The company also updates several Florida hotel and resort websites.

D’Amaro added that the $17 billion figure for Florida also includes some of the “blue sky” ideas the company presented last year during the D23 Show in Anaheim, California. These projects are still in early development and may never see the light of day.

During that presentation last September, D’Amaro talked about the possibility of revamping Dino Land at Animal Kingdom in Orlando. Initial ideas for the space include the possibility of bringing a “Zootopia” to the park, including a diversity of provinces and animal species, or even a “Moana”.

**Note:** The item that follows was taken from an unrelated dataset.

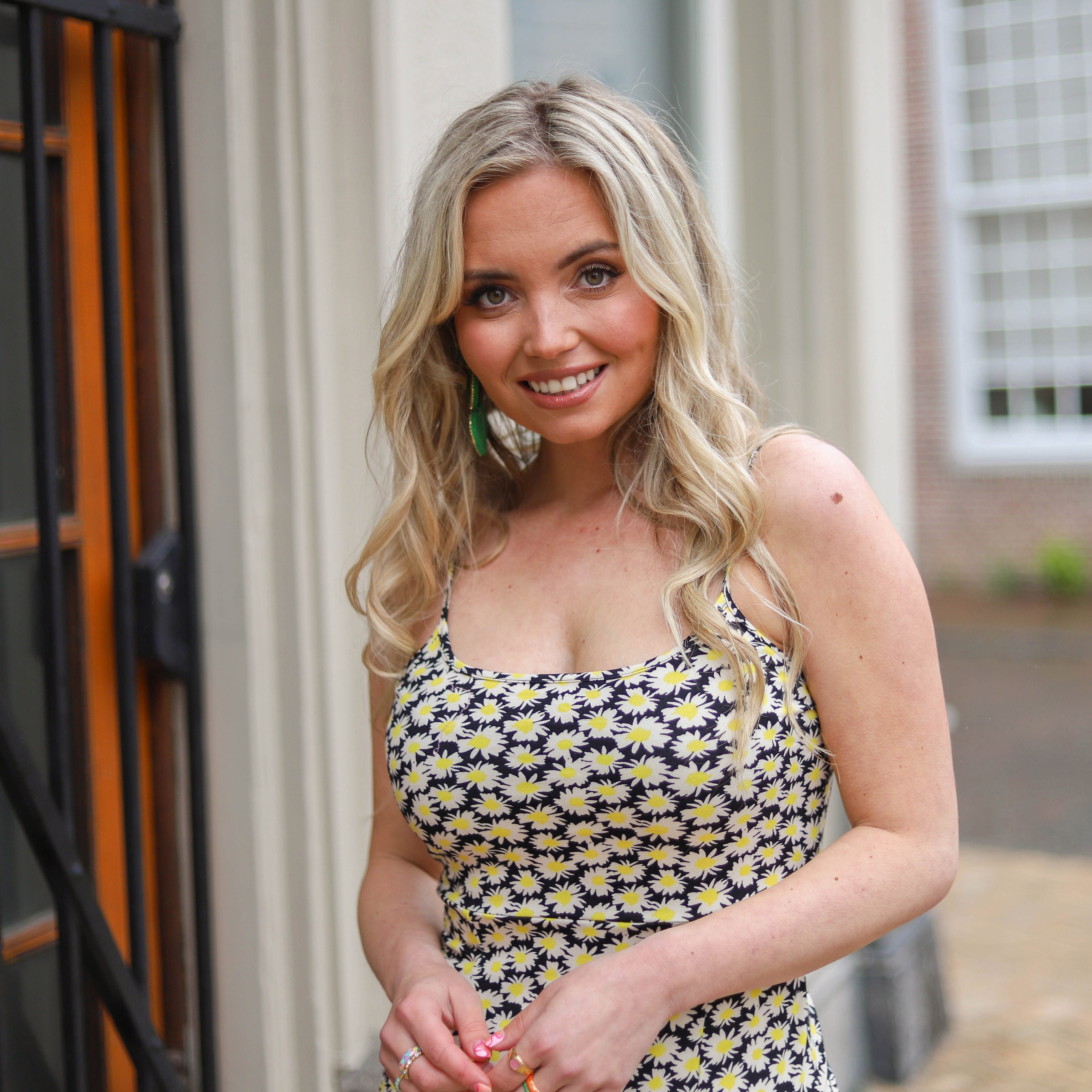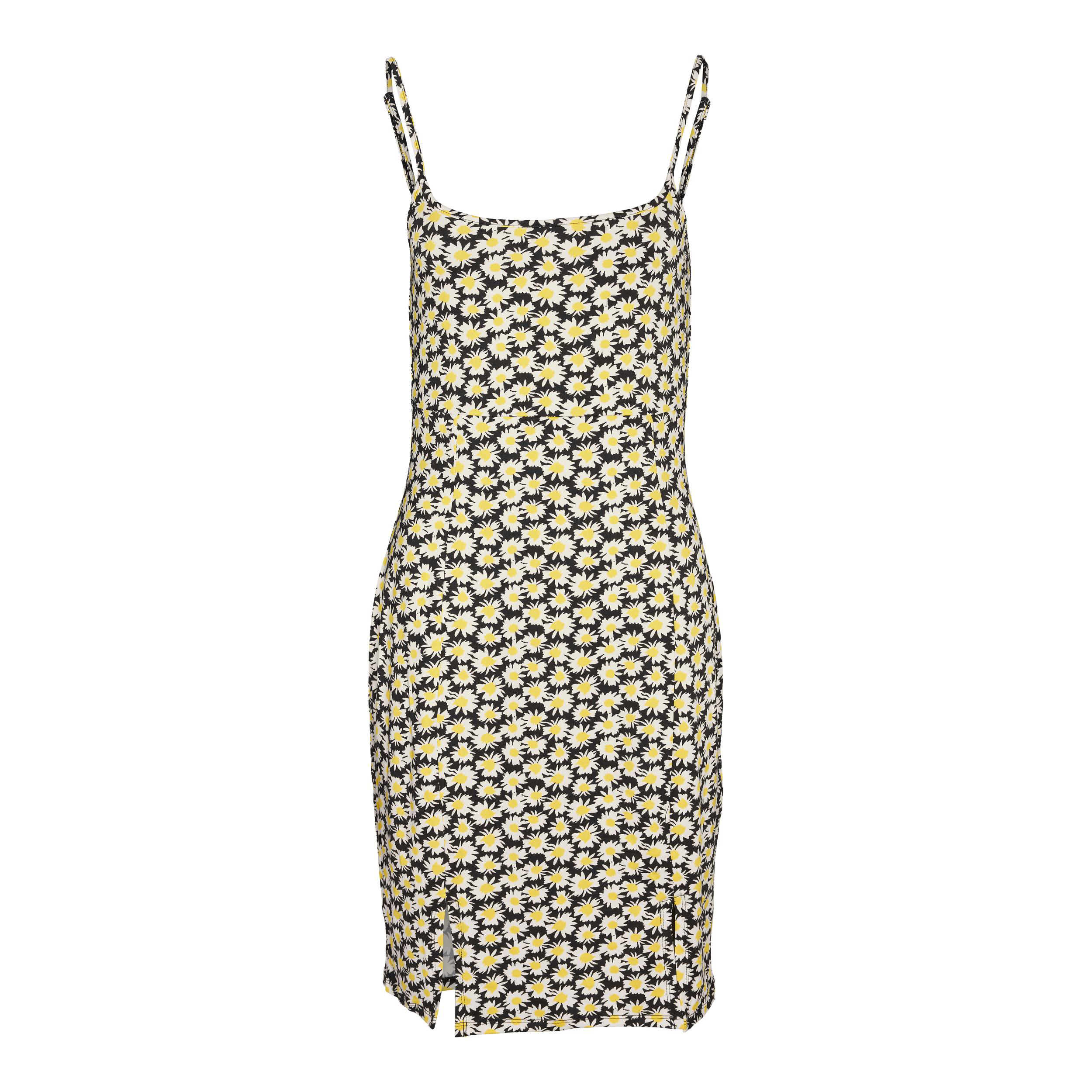 Wunderschönes Kleid mit buntem Blumendruck. Das Kleid hat einen schönen Blumendruck und einen kleinen Schlitz vorne. Runden Sie es mit einem Paar schöner Stiefel oder Sneakers ab.

In Magic Kingdom, Disney asks the question: “What’s behind Big Thunder Mountain?” The company said a coco-based area could be in that location or in Encanto. Maybe both.

D’Amaro even hinted at the possibility of bringing to life an area of ​​the Magic Kingdom overrun by Disney villains.

The price points for these projects will vary, if they come to fruition, but for reference, the Star Wars: Galaxy Edge lands at Disneyland and Disney World are estimated to cost $1 billion each.

Disney theme parks have been a bright spot for the company, as guest visits have picked up dramatically in the months following the pandemic shutdown. The Parks and Experiences and Products divisions saw revenue increase 17% year-over-year to $7.7 billion during the most recent quarter.

About $5.5 billion of that revenue came from theme park sites. The company said that guests spent more time and money during the quarter visiting theme parks, hotels and cruises, both domestically and internationally. The cruise business, in particular, has seen an increase in passenger cruise days.

“We see this business as a key driver of the company’s growth,” Iger said during Disney’s recent earnings call.